▶ **TASK STATEMENT**:
Retype, exactly as they stand, the lines from the start of the data to the line that contains "Title (ebay affiliate", both ends included. Leave the pictures out.

▶ **DATASET CONTENT**:
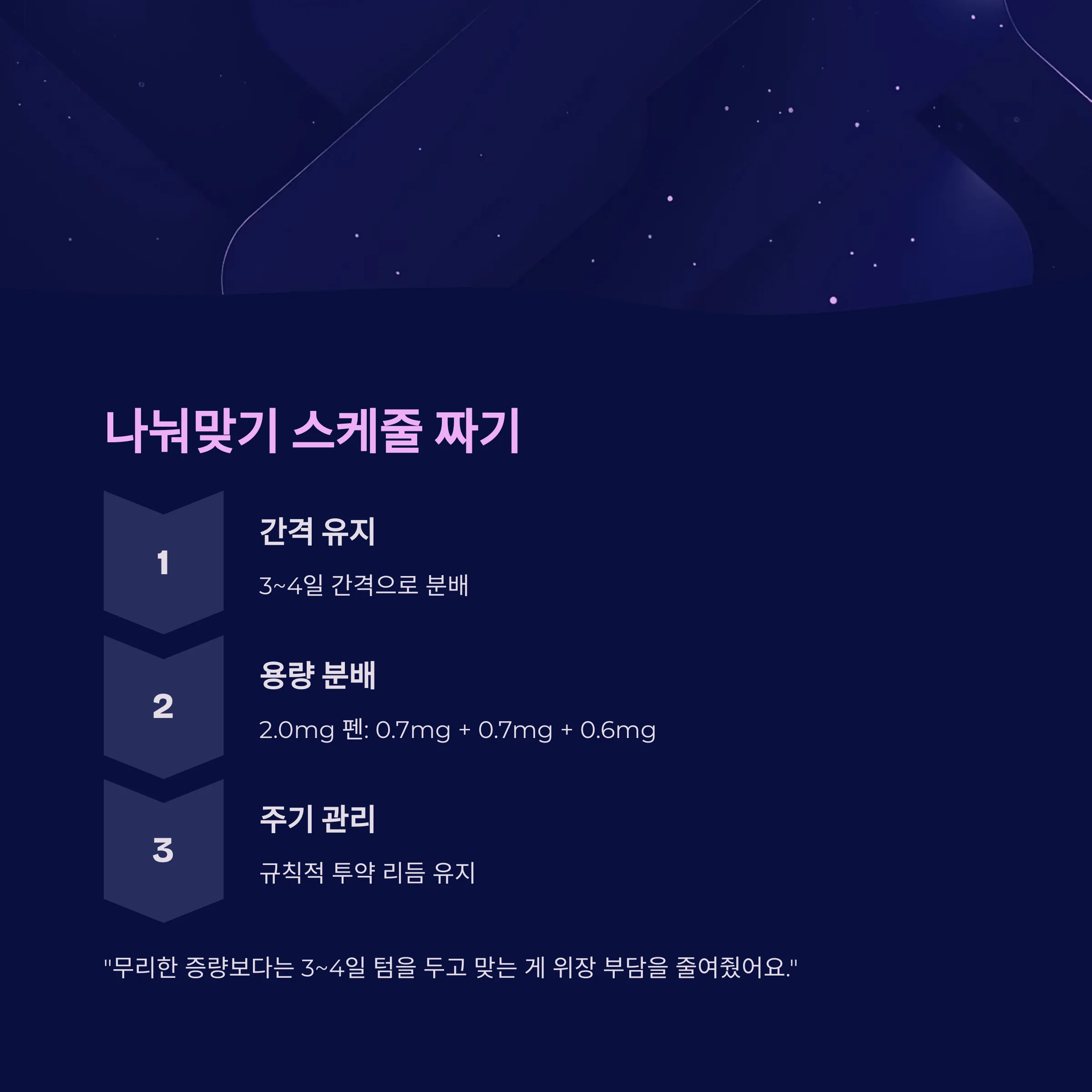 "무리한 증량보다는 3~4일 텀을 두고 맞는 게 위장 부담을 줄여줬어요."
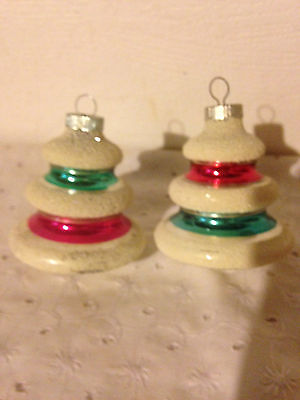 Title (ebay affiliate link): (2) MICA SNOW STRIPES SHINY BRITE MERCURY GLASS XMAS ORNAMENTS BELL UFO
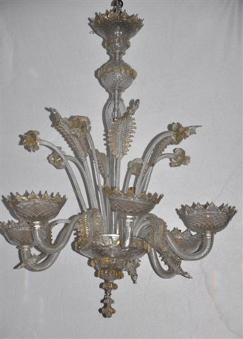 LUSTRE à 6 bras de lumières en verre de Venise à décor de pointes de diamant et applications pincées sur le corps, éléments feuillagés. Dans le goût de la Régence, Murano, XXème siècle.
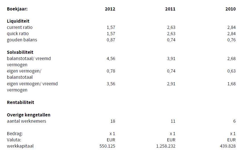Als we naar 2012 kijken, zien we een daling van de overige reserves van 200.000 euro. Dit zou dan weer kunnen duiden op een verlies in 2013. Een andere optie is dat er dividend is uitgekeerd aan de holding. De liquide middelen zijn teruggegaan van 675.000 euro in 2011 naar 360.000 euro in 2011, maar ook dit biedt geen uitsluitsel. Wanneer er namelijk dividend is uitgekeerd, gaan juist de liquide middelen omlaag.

▶ **ANSWER BOX**:
 "무리한 증량보다는 3~4일 텀을 두고 맞는 게 위장 부담을 줄여줬어요."
 Title (ebay affiliate link): (2) MICA SNOW STRIPES SHINY BRITE MERCURY GLASS XMAS ORNAMENTS BELL UFO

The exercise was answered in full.